1) Etliche bilden ebenfalls mathematische Orte dieser Reihe, wie die Tafeln zu Tycho Brahe, Erasmus Reinhold, jene im Innenhof des Friedricianums und etliche andere.
2) Es gibt bezüglich der Zeitangaben auf der Tafel und im bereffenden Wikipedia-Artikel Differenzen, die wohl nicht mehr aufzulösen sein werden.

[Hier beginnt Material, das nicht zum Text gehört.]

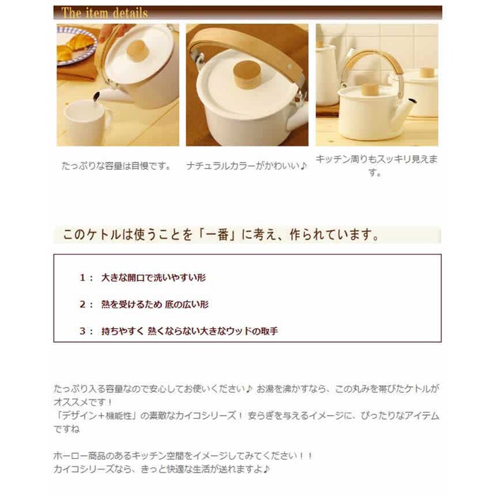 원본상품명: 【ポイント10倍 送料無料 特典付き】★非品 鍋敷きの特典付き★カイコ kaico ケトル やかん おしゃれ ホロ ティポット ポット IH ほうろう 琺瑯 ホロケトル キッチン貨 小泉誠 シンプル 北 IH 200V 【ギフト】 [ カイコケトル1.45L ]
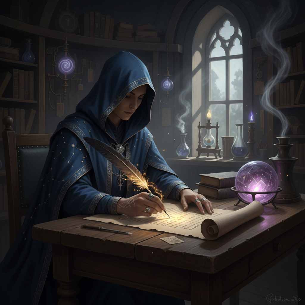 A person wearing an ornate blue hooded robe sits at a wooden desk, focused on writing with a glowing feather quill on aged parchment. The surrounding chamber is a dark, mystical study filled with bookshelves, glowing glass orbs, and a purple crystal ball that emits a soft light. Smoke curls from glass vials near an arched window, while the overall atmosphere is one of quiet, magical concentration.
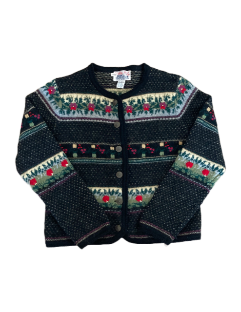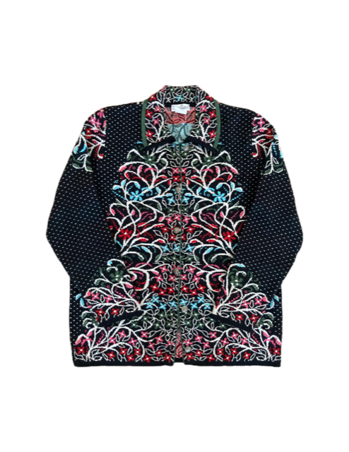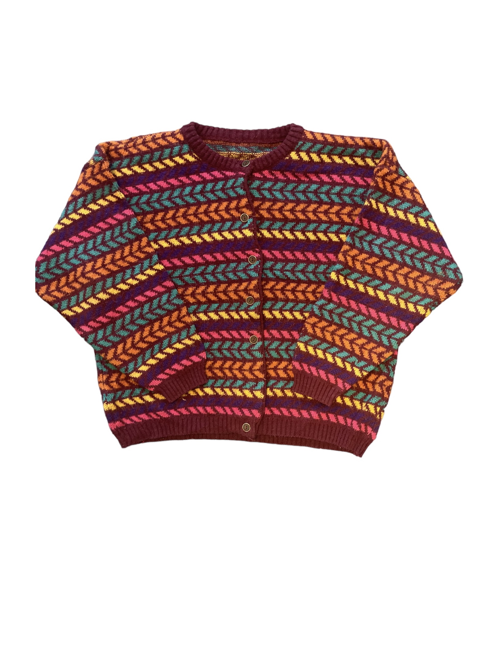 cardigan for ladies, closes with buttons on the left side, is prinetd, patterned, colorful
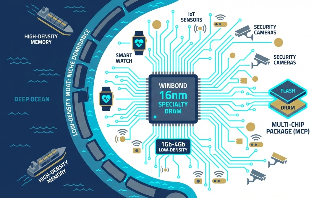 - Edge Advantage: Sidestepping 'Brute-Force Computing': Winbond's core competitiveness lies in low-capacity ($1\text{Gb} \sim 4\text{Gb}$) specialized DRAM. In the AI era, these products will not be found alongside NVIDIA's GPUs, but rather in hundreds of millions of IoT sensors, wearables, and smart access control systems. This 'small density' strategy effectively circumvents direct competition with Samsung and Micron, as for the giants, the return on investment (ROI) for developing such fragmented specifications is extremely low.
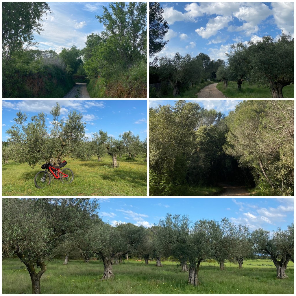 Pasado Creixell se inicia un corto ascenso algo más exigente a través de un bosque, cambiando momentáneamente de paisaje. En este mismo tramo se cruza un olivar precioso.
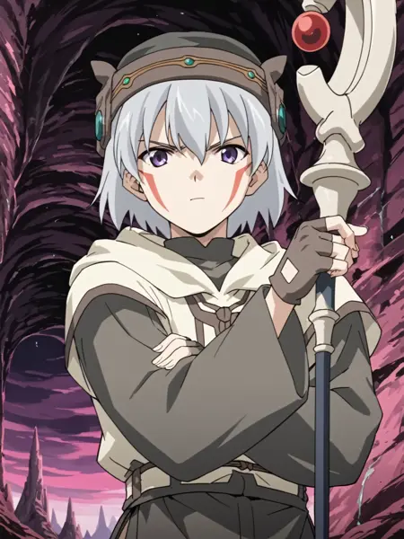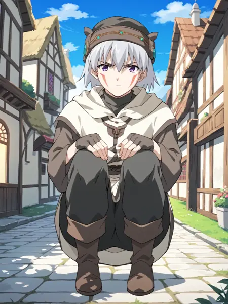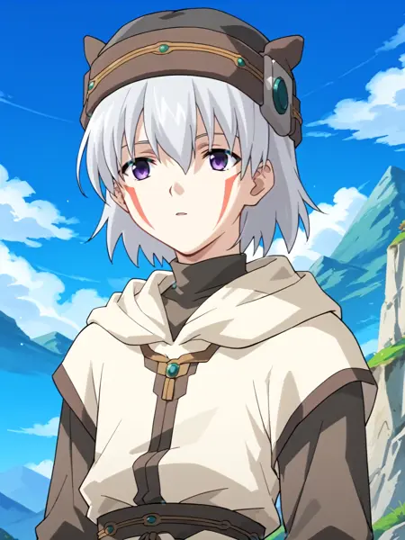 트리거 단어: TsukasaGeneral: 1boy, 남성 중심, 싱글, 단발, 흰 머리, 모자, 보라색 눈, 얼굴 무늬, 얼굴 페인트, 긴 소매, 로브, 장갑, 손가락 없는 장갑, 부츠
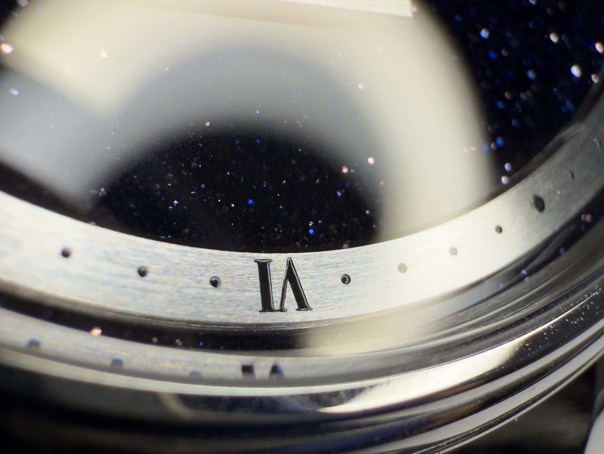 -Both the name plate on the dial side and the chapter ring have anglage on them. The name plate is also grained.
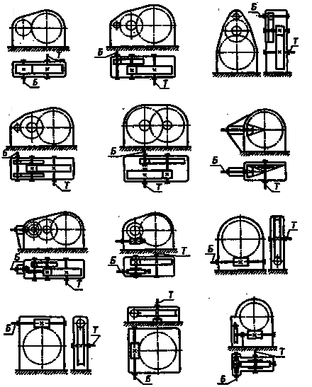 Рис. 12.1. Кинематический схемы редукторов: Б — быстроходный вал; Т — тихоходный вал Редуктор состоит из зубчатых или червячных передач, установленных в отдельном герметичном корпусе, что принципиально отличает его от зубчатой или червячной передачи, встраиваемой в исполнительный механизм или машину.

3) Von seiner weltlichen Lyrik hat nur „Anke van Tharaw“ die Zeit überdauert; Johann Gottfried Herder übertrug später sein ursprünglich in niederdeutscher Sprache verfasstes Lied in die hochdeutsche Form, in der es heute bekannt ist: Ännchen von Tharau. Ein kurzer Reim von ihm soll hier auch wiedergegeben sein:
„Der Mensch hat nichts so eigen,
so wohl steht ihm nichts an,
als daß er Treu erzeigen
und Freundschaft halten kann.“
4) Die Korrektur betrifft den Geburtsort von Paul Eber, der nicht Kitingen, sondern Kitzingen (in Unterfranken) lautet.
5) Dobien ist heute ein Ortsteil der Lutherstadt Wittenberg nördlich der Altstadt.